Wednesday, May 6, 2009

sleepsleepsleep.

The past couple of weeks I've been going into nightowl extreme. 
I rarely get some shuteye before 3am and I'm kinda liking it. You get to hear the birds
chirping and the romantic sounds of the inebriated Polish men screaming at the dead of night. 

I have been able to get some more research in on Vietnam. 
On average about 30 people die everyday crossing the streets of Ho Chi Minh, according to Frommer's. 
Hmm....
Journeywoman.com shares the tales of women who have traveled alone and can hook me up with a 'mentor' in the city I will be visiting who could give me tips on what to do, what to avoid, etc. So one lady who visited Ho Chi Minh describes advice given to her at the hotel she was staying "What my hotel concierge told me is that, 'when it feels right you step out into the traffic and you keep walking'. Then he added, 'try not to step out in front of a bus that can't stop easily but don't worry, the scooter drivers will try at all costs not to hit you. The most important thing to remember is that once you get on to the road you can't stop half way; you must keep moving because that's what the drivers expect and they guide themselves accordingly.’"

At times I've thought about how crazy this idea was, thinking I would make it through in a country whose language is composed of six different tones. So depending on which tone is used "ma" can mean ghost, mother, which, tomb, horse, or rice seedling. 

I'm cheating. I'm expanding on other people's words, chewing them up to be inspired and create my own.  Let's do one more from Tuesdays with Morrie
"So many people walk around with a meaningless life. They seem half-asleep, even when they’re busy doing things they think are important. This is because they’re chasing the wrong things.
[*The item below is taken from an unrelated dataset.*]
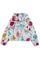 Waterproof hooded jacket, long-sleeved, with front zip closure and big grass all-over print.

The way you get meaning into your life is to devote yourself to loving others, devote yourself to your community around you, and devote yourself to creating something that gives you purpose and meaning."

Here's my dilemma. I feel like I live a life full of meaning and I am happy doing the things I do. The problem is I have let my academic career rot. It's bad. This is a conversation I have had with several people, Pedro comes to mind, mostly because we find ourselves in the same shithole constantly when it comes to juggling good/fun/productive/meaningful work and academic work. Some advice he shared, imparted to him by N. Tuchman, was that Loyola does a great job of sparking a passion or curiosity in our community and makes it easy for us to be involved. At the same time we have to focus on our studies and in an attempt to get both done well end up doing a shitty job at both.  

Last night I lost all my contacts on my phone while I was playing around with it. My uncle gave it to me, it's a fancy touch phone and at first sight I knew it was bad news. It feels great though, to start with a blank slate..at first I was freaking out. But as I told the kid the other day "you have my number, if you want to call me then go ahead." Yet this still did not prevent me from creating another of those ridiculous fb groups entitled "I lost my phone contacts." There are lots of people out there I love and would want to stay in touch with even if they don't want to call me, having their number and that option is always a great thing. 

Although, from May 10-August 10 I will be free of my cellphone. No more text messages, voice mail, phone calls interrupting good times. You will not be able to call me asking me of my whereabouts. Ah. Can you imagine it? I am absolutely tickled.